Friday, March 1, 2013

Blank On The Map: The nature of publications

paper in the journal of Genome Biology and Evolution has been doing the rounds on the internet recently and was shown to me by a friend. It is titled "On the immortality of television sets: “function” in the human genome according to the evolution-free gospel of ENCODE", by Graur et al. The title is blunt enough, but the abstract is extraordinarily so. Let me quote some of it here:
A recent slew of ENCODE Consortium publications, specifically the article signed by all Consortium members, put forward the idea that more than 80% of the human genome is functional.
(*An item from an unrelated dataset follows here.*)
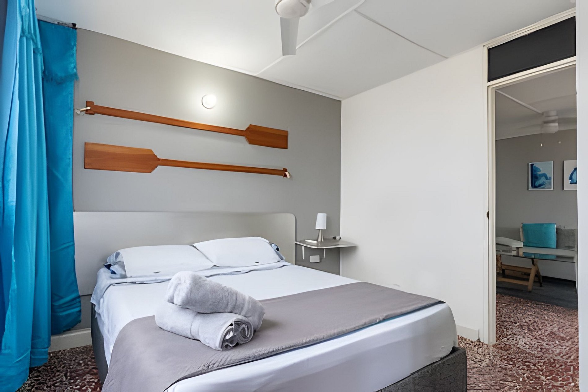 It features a beautifully designed living room with TV and streaming services and a fully equipped kitchen with laundry area, refrigerator, stove and cooking utensils to prepare any meal in comfort. The master bedroom has a double bed, while the secondary bedroom offers a bunk bed with two single beds. It also has a private bathroom in the master bedroom and a social bathroom, air conditioning and ceiling fan for comfort.

This claim flies in the face of current estimates according to which the fraction of the genome that is evolutionarily conserved through purifying selection is under 10%. [...] This absurd conclusion was reached through various means, chiefly (1) by employing the seldom used “causal role” definition of biological function and then applying it inconsistently to different biochemical properties, (2) by committing a logical fallacy known as “affirming the consequent,” (3) by failing to appreciate the crucial difference between “junk DNA” and “garbage DNA,” (4) by using analytical methods that yield biased errors and inflate estimates of functionality, (5) by favoring statistical sensitivity over specificity, and (6) by emphasizing statistical significance rather than the magnitude of the effect. [...] The ENCODE results were predicted by one of its authors to necessitate the rewriting of textbooks. We agree, many textbooks dealing with marketing, mass-media hype, and public relations may well have to be rewritten.
Ouch.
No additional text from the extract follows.